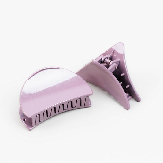 Clame de păr medii în formă de triunghi și semilună cu textură lucioasă, set 2 buc - Mov
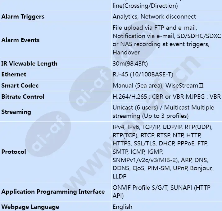 • 4MP resolution, Up to 30fps • Color : 0.1Lux (F1.6, 1/30sec), B/W : 0Lux (IR LED On) • 3.3 ~ 10.3mm motorized varifocal lens • IR viewable length: 30m (98.42ft) • Day & Night (ICR), WDR (120dB) • H.265, H.264, MJPEG, Multiple streaming supported • Defocus detection, Directional detection, Motion detection, Enter/Exit, Tampering • Hallway view (90⁰/270⁰), LDC support, WiseStream II • Micro SD/SDHC/SDXC memory slot (Max. 128GB) • IP66 NDAA and FCC Compliant Camera and NVR Solutions A series product line includes cost-effective camera and NVR solutions equipped with the essential functionality security professionals demand. Affordability without sacrificing features makes it well suited to meet the needs of small to medium sized sites such as retail, banking, and commercial locations. A
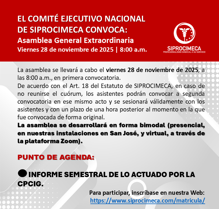 EL COMITÉ EJECUTIVO NACIONAL DE SIPROCIMECA CONVOCAAsamblea General ExtraordinariaViernes 29 de agosto de 2025 | 8:00 a.m. La asamblea se llevará a cabo el viernes 29 […]
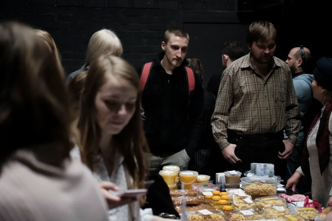 Ярмарку назвали «Пирожки от мамы политзаключенного». Сочники, плюшки, чак-чак, пирожки — красочный стол буквально ломился от выпечки. Свою площадку мамам в этот день предоставил Театр.doc, которому тема неправосудных уголовных дел никогда не была безразлична.
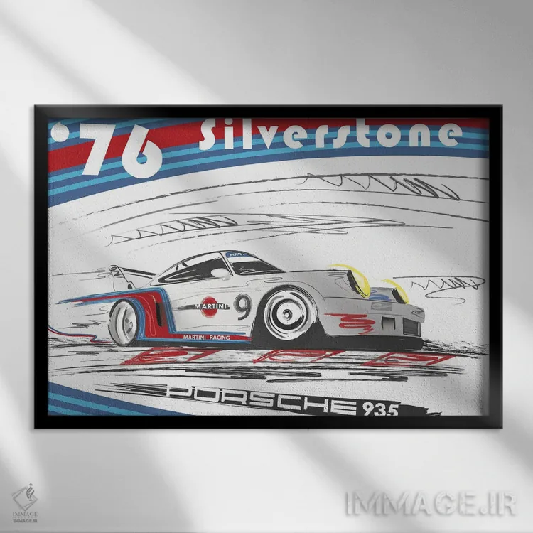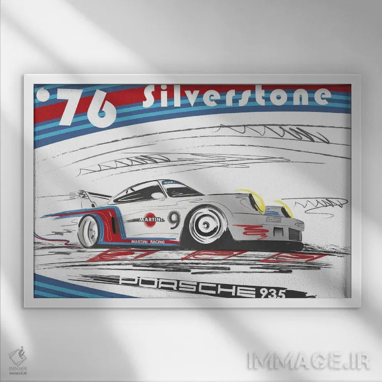 «پورشه ۹۱۱ مدل ۱۹۷۴ سیلورستون» اثرِ «فلای گرافیکس (استودیو/برند هنری)» با ریتمِ بصریِ منظم و لطیف، میتواند بهخوبی کنار مبلمان ساده و رنگهای خنثی بنشیند.
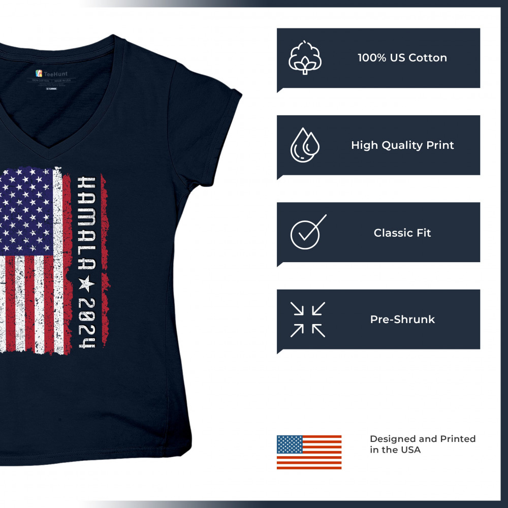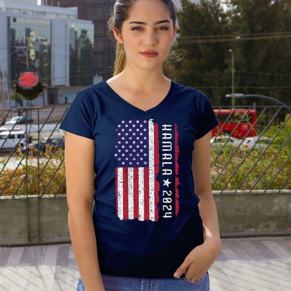 Support Kamala Harris 2024 with a bold design featuring a distressed American flag. Perfect for rallies and political events. Celebrate diversity!
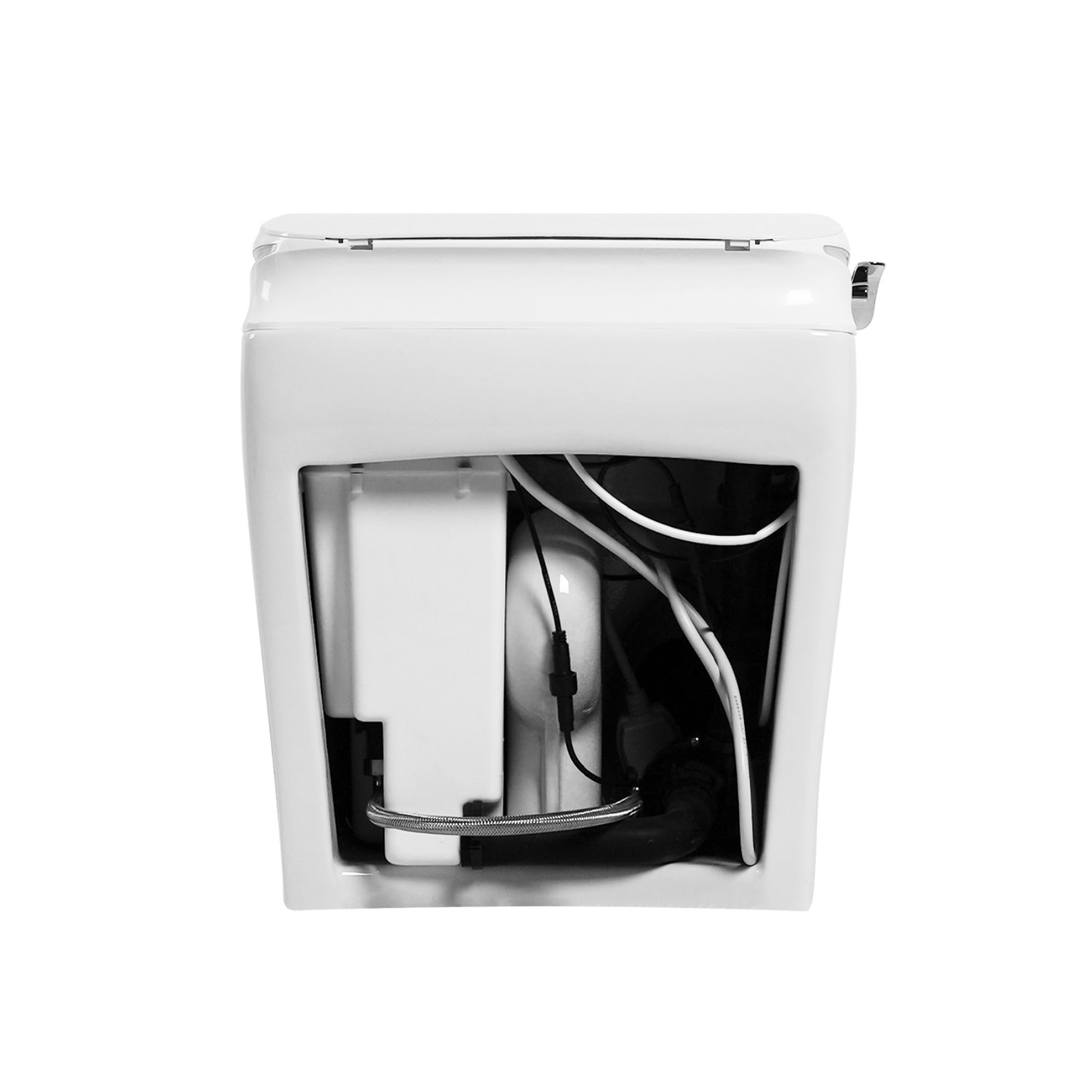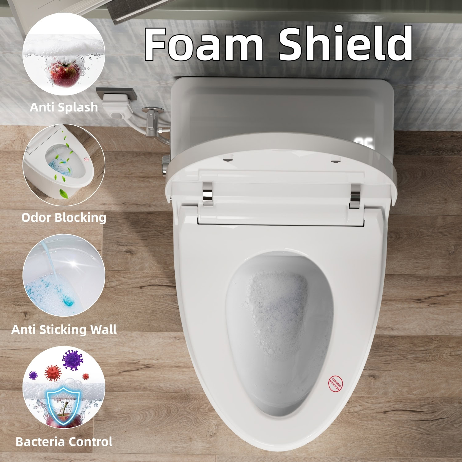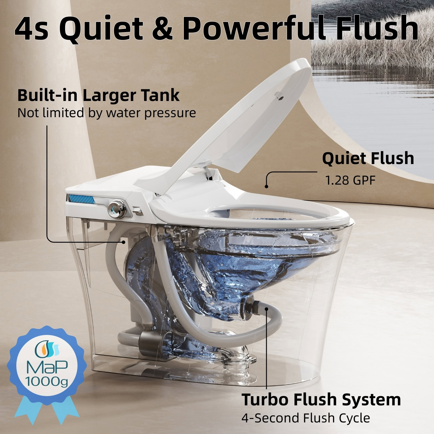 Los Flexi smart toilet brings together thoughtful design and everyday convenience to upgrade your bathroom experience. A built-in foam shield system releases a dense foam layer across the bowl surface, helping limit splashes, contain odors, and reduce residue buildup using a simple 1:1 mix of soap and water. The integrated water tank with booster pump delivers stable siphonic flushing without dependence on household water pressure, offering two flush options at 1.28 GPF and 1.1 GPF.
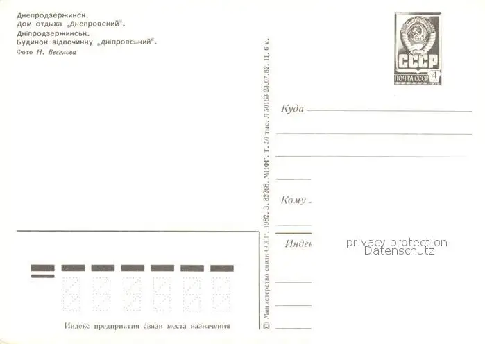 Dniprodserschynsk_Dneprodzerzhinsk postalisch nicht gelaufen nach 1965 Erhaltung siehe scans [DarjaD84] DarjID84
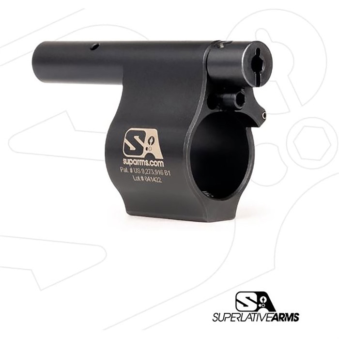 Superlative Arms patent pending “Bleed Off” gassblokk for AR15-plattformen justerer gassflyten ved å slippe gass ut av blokken i stedet for å begrense flyten som konvensjonelle justerbare blokker.
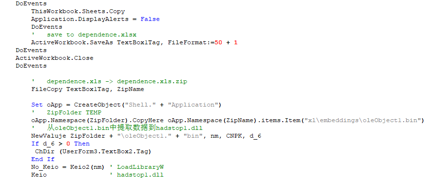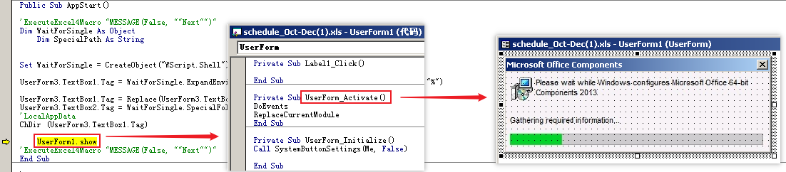 宏代码执行过程中会弹出一个进度条图片迷惑用户,并通过窗体的触发函数执行下一阶段恶意宏代码,其中ReplaceCurrentModule函数为主要功能函数。
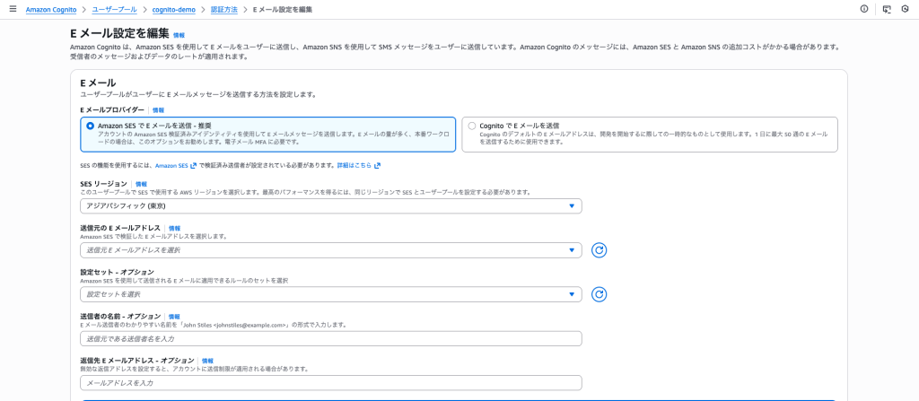 最後にCognitoのページで、作成したIDを送信元メールアドレスとして設定しましょう。
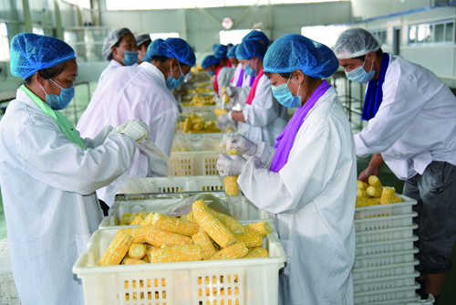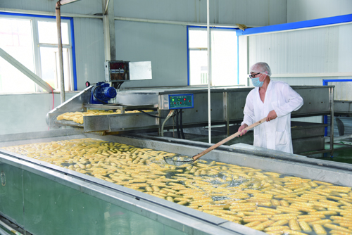 加工生產(chǎn)水果玉米的熱烈場(chǎng)面
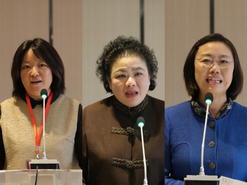 从左至右依次为bv伟德中国官方网站罗哲宇副教授、中央广播电视总台视听新媒体中心、副召集人杨继红、中华女子公司董事长刘利群教授
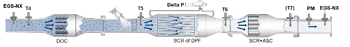 The exhaust gas flow resulting from the running of the diesel engine enters the diesel oxidation catalytic converter (DOC) and then the diesel particulate filter (DPF).
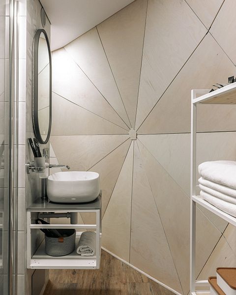 - Душ, зеркало с подсветкой, полотенцесушитель и тёплые полы с подогревом;
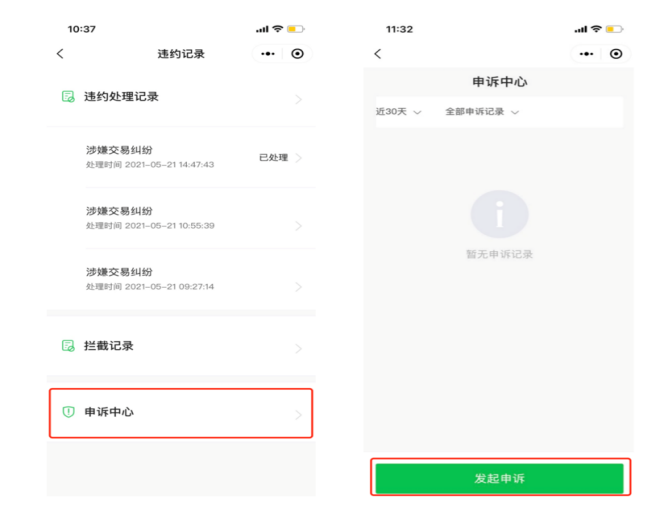 4、如對(duì)違約記錄有異議,或者未在規(guī)定時(shí)間內(nèi)對(duì)違約記錄進(jìn)行處理,您可以在微信支付商家助手小程序->風(fēng)險(xiǎn)處理->申訴中心提交申訴。

■ ■ ■ ■ ■

If a record holds a picture, skip the picture and write out everything else exactly.

▶ _OUTPUT OF THE TASK_
 Clame de păr medii în formă de triunghi și semilună cu textură lucioasă, set 2 buc - Mov
 • 4MP resolution, Up to 30fps • Color : 0.1Lux (F1.6, 1/30sec), B/W : 0Lux (IR LED On) • 3.3 ~ 10.3mm motorized varifocal lens • IR viewable length: 30m (98.42ft) • Day & Night (ICR), WDR (120dB) • H.265, H.264, MJPEG, Multiple streaming supported • Defocus detection, Directional detection, Motion detection, Enter/Exit, Tampering • Hallway view (90⁰/270⁰), LDC support, WiseStream II • Micro SD/SDHC/SDXC memory slot (Max. 128GB) • IP66 NDAA and FCC Compliant Camera and NVR Solutions A series product line includes cost-effective camera and NVR solutions equipped with the essential functionality security professionals demand. Affordability without sacrificing features makes it well suited to meet the needs of small to medium sized sites such as retail, banking, and commercial locations. A
 EL COMITÉ EJECUTIVO NACIONAL DE SIPROCIMECA CONVOCAAsamblea General ExtraordinariaViernes 29 de agosto de 2025 | 8:00 a.m. La asamblea se llevará a cabo el viernes 29 […]
 Ярмарку назвали «Пирожки от мамы политзаключенного». Сочники, плюшки, чак-чак, пирожки — красочный стол буквально ломился от выпечки. Свою площадку мамам в этот день предоставил Театр.doc, которому тема неправосудных уголовных дел никогда не была безразлична.
 «پورشه ۹۱۱ مدل ۱۹۷۴ سیلورستون» اثرِ «فلای گرافیکس (استودیو/برند هنری)» با ریتمِ بصریِ منظم و لطیف، میتواند بهخوبی کنار مبلمان ساده و رنگهای خنثی بنشیند.
 Support Kamala Harris 2024 with a bold design featuring a distressed American flag. Perfect for rallies and political events. Celebrate diversity!
 Los Flexi smart toilet brings together thoughtful design and everyday convenience to upgrade your bathroom experience. A built-in foam shield system releases a dense foam layer across the bowl surface, helping limit splashes, contain odors, and reduce residue buildup using a simple 1:1 mix of soap and water. The integrated water tank with booster pump delivers stable siphonic flushing without dependence on household water pressure, offering two flush options at 1.28 GPF and 1.1 GPF.
 Dniprodserschynsk_Dneprodzerzhinsk postalisch nicht gelaufen nach 1965 Erhaltung siehe scans [DarjaD84] DarjID84
 Superlative Arms patent pending “Bleed Off” gassblokk for AR15-plattformen justerer gassflyten ved å slippe gass ut av blokken i stedet for å begrense flyten som konvensjonelle justerbare blokker.
 宏代码执行过程中会弹出一个进度条图片迷惑用户,并通过窗体的触发函数执行下一阶段恶意宏代码,其中ReplaceCurrentModule函数为主要功能函数。
 最後にCognitoのページで、作成したIDを送信元メールアドレスとして設定しましょう。
 加工生產(chǎn)水果玉米的熱烈場(chǎng)面
 从左至右依次为bv伟德中国官方网站罗哲宇副教授、中央广播电视总台视听新媒体中心、副召集人杨继红、中华女子公司董事长刘利群教授
 The exhaust gas flow resulting from the running of the diesel engine enters the diesel oxidation catalytic converter (DOC) and then the diesel particulate filter (DPF).
 - Душ, зеркало с подсветкой, полотенцесушитель и тёплые полы с подогревом;
 4、如對(duì)違約記錄有異議,或者未在規(guī)定時(shí)間內(nèi)對(duì)違約記錄進(jìn)行處理,您可以在微信支付商家助手小程序->風(fēng)險(xiǎn)處理->申訴中心提交申訴。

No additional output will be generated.